| Barcellos |



Ápis - o olhar amoroso do artista

By Alexandros Papadopoulos Evremidis*

Faz exatos 8 dias (parecem 80) desde que, levado por Garcez, fui ver as pinturas desse maduro rapaz. De lá para cá, perdi a paz e não consegui sossegar, elas me assaltando a toda hora e, até, me acordando no meio da noite, exigindo que eu escrevesse algumas poucas linhas, para reter o tempo, registrar a comoção causada, solidificá-la e torná-la objetiva, não objetivo.

Não serei comedido, esbanjarei adjetivos - a arte dele é singela, honesta, sincera, despretensiosa. E sobretudo movente e comovente, de um lirismo avassalador. Pinta aquilo que ama e a todos seduz (pensa que aqui estou por acaso? se desde menino ela povoava e alimentava meus sonhos?) - as múltiplas formas e faces (e facetas) dessa tirana cidade-porné que chamam de Rio, só se for de paixões desenfreadas e, pour cause, sadomazoquisticamente demolidoras.

Falei em forma, mas não pense em mundos objetivos, em realismos. Barcellos, movido por um impressionismo tardio, e personalizado, a deforma e a re/forma, a derrete e a aeriza e, no limite da abstração, a devolve onírica, solta, livre. Uma visão e, mais, uma aparição - um thíon! O fazedor não se atém a desenhos nem cuida de contornos, sofre de um derrame. Aplica a cor como se por compassados jatos, patches cromáticos apostos por um polegar que deixa sua marca, sua digital de artista afirmativo, mas não alienado. Revela explicitamente a ciência das dores e das suas causas - as feridas abertas, os Elíseos maculados, tingidos de vermelho. Está ali, suas manchas choram e sangram umas para dentro das outras, se diluem e ao final tecem o tecido de que é feito o pathos. Fluentes, confluem e formam.

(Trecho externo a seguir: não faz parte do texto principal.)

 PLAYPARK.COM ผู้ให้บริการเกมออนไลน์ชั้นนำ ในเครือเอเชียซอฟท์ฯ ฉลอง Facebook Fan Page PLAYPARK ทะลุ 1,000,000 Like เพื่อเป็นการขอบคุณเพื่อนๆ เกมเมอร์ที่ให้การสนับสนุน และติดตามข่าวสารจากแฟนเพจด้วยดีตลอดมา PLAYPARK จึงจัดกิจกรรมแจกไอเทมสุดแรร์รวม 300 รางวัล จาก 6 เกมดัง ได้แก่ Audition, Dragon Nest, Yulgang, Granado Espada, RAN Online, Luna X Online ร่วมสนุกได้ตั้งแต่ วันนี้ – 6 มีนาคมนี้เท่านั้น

Entre outros instantes permanentes, há um de extrema delicadeza: barracos palafitados, amontoados em meio a imundas sombras imperceptivelmente translúcidas, uma estocada no exato ponto de nossa dramática neuralgia urbana - um escárnio para todo ser vivente, sumamente constrangedor para os animais e para os lírios.

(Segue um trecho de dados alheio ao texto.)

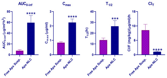 Animal studies were carried out in compliance with the protocol (#202104PHDA1) approved by the research ethics committee of the Faculty of Pharmacy, Suez Canal University. The studies were performed on male Wistar rats with a mean body weight of 200 ± 20 g. During the study, the animals were housed in plastic mesh cages with water and regular laboratory feed under normal lighting (12 h light/dark cycles), humidity, and temperature conditions. All rats were denied food and drink overnight the day before the experiment. The rats were randomized into three groups; Group A (n = 6) was administered normal saline (control group), Group B (n = 12) was given a single oral dose of (60 mg/kg) of a free drug suspension and Group C (n = 12) which was administered the optimized Apx-loaded NLC of the same dose []. Free Apx suspension was prepared in deionized water using glycerin and 0.2% gum tragacanth []. Afterward, the groups were further subdivided to perform pharmacokinetic and pharmacodynamic studies. Statistical analysis of results was done using an unpaired Student t-test to compare the results of groups B and C to each other and to control results (group A). Data were presented as the mean ± SD with a p-value of less than 0.05 was considered significant.

Em outro momento emblemático, e sintomaticamente contrapontual, um menino, de rua, diz ele, mas não há rua, caminho não há, nem mesmo por fazer, viu, seu Machado? Não há apoio, nem há suporte. Não há amor, nem carinho. O que há? - imensa solidão. Desarraigado, recurvo sobre si, como um feto e como o próprio universo, o menino cheira cola, como se coca fosse, e pensa, como se a origem fosse daquele outro gigante pensador que está de visita no MAM, para nos guiar e co/ordenar e ajudar a refletir sobre os erros e a perda dos rumos. Sobre os desvios e as urgentes correções de trajetória.

Esse assustador e aterrorizador e, a um tempo, sedutor e encantador menino pensador é frágil, é lunático, é sonhador - uma esfarrapada estrela tragicamente solitária, envolta em etéreas e epíreas luminosidades alaranjadas, amareladas, douradas, uma fogueira suave, que lenta e seguramente o inflama e assa. O menino do Barcellos, esse nosso adorável menino cheirador de cola, é um ser solto no nada, abandonado aos dissabores de um criador cruel, consubstanciado em cada um de todos nós. Onde está o zóon politikón destes tristes trópicos?!

Sensível, Barcellos nos confronta com a nossa consciência embotada, embolorada, de tão egótica e egoísta, obtusa. Nem parece que esse rapaz passou a vida a suprir embarcações gregas e navegar por mares nunca antes - sempre. Aprendeu com os sábios e fez do azul sua cor Alfa, triste e melancólica, como o distante espaço, mas sem desesperança. Se a vida é um revolto "mare monstrum", nademos, nademos; uma noite chegaremos à praia, não para morrer, mas para acender fogueiras e, desesperadamente agarrados aos índios, esses outros meninos, dançar a dança do cachimbo aceso, ao som de Katchaturian e à imagem de Emil Nolde e Karel Appel.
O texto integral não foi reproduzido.